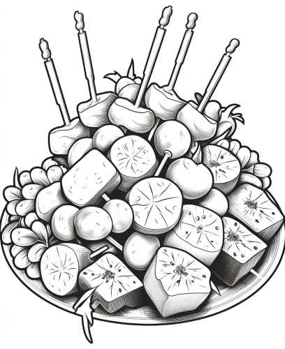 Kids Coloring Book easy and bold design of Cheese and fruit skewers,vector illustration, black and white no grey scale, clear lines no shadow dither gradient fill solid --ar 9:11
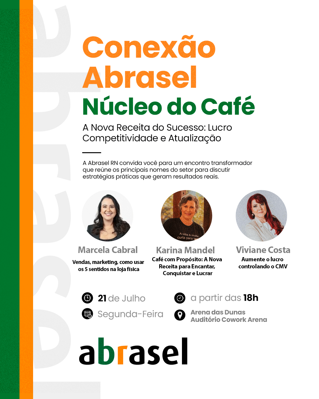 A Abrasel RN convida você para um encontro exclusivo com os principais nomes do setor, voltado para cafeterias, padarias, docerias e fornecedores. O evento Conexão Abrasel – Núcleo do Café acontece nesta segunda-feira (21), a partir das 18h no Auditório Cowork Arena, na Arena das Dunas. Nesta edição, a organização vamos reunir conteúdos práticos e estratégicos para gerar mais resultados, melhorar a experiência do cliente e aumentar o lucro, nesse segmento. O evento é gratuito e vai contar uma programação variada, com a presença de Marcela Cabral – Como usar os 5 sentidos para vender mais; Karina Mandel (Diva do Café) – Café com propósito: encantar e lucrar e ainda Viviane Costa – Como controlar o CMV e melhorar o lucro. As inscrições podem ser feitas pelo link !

==========

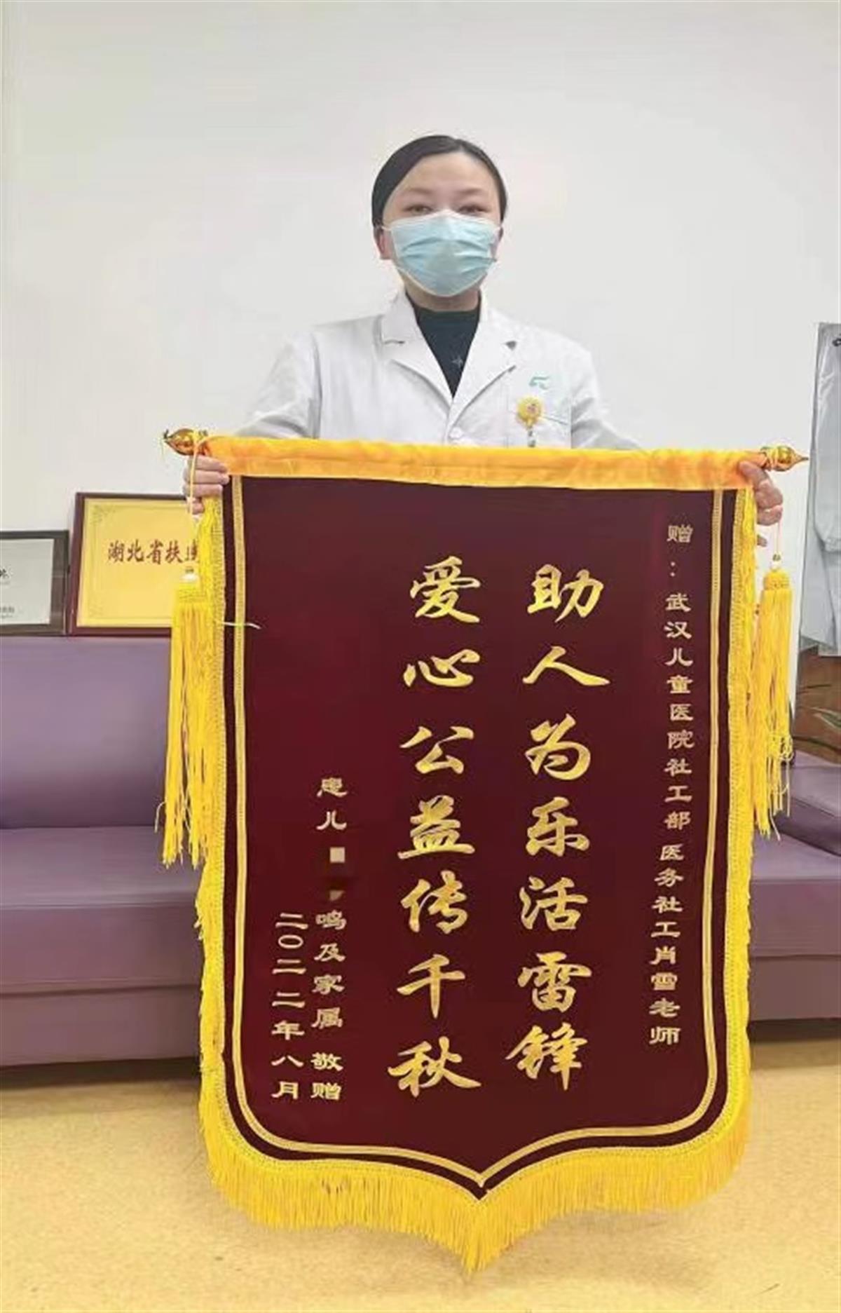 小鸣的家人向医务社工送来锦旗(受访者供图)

==========

■ **Required work**
The line holding "Kids Coloring Book" starts the copy and the line holding "A Abrasel RN" ends it. Repeat those two lines above and all between them exactly, leaving out pictures.

■ **Solution for this exercise**
 Kids Coloring Book easy and bold design of Cheese and fruit skewers,vector illustration, black and white no grey scale, clear lines no shadow dither gradient fill solid --ar 9:11
 A Abrasel RN convida você para um encontro exclusivo com os principais nomes do setor, voltado para cafeterias, padarias, docerias e fornecedores. O evento Conexão Abrasel – Núcleo do Café acontece nesta segunda-feira (21), a partir das 18h no Auditório Cowork Arena, na Arena das Dunas. Nesta edição, a organização vamos reunir conteúdos práticos e estratégicos para gerar mais resultados, melhorar a experiência do cliente e aumentar o lucro, nesse segmento. O evento é gratuito e vai contar uma programação variada, com a presença de Marcela Cabral – Como usar os 5 sentidos para vender mais; Karina Mandel (Diva do Café) – Café com propósito: encantar e lucrar e ainda Viviane Costa – Como controlar o CMV e melhorar o lucro. As inscrições podem ser feitas pelo link !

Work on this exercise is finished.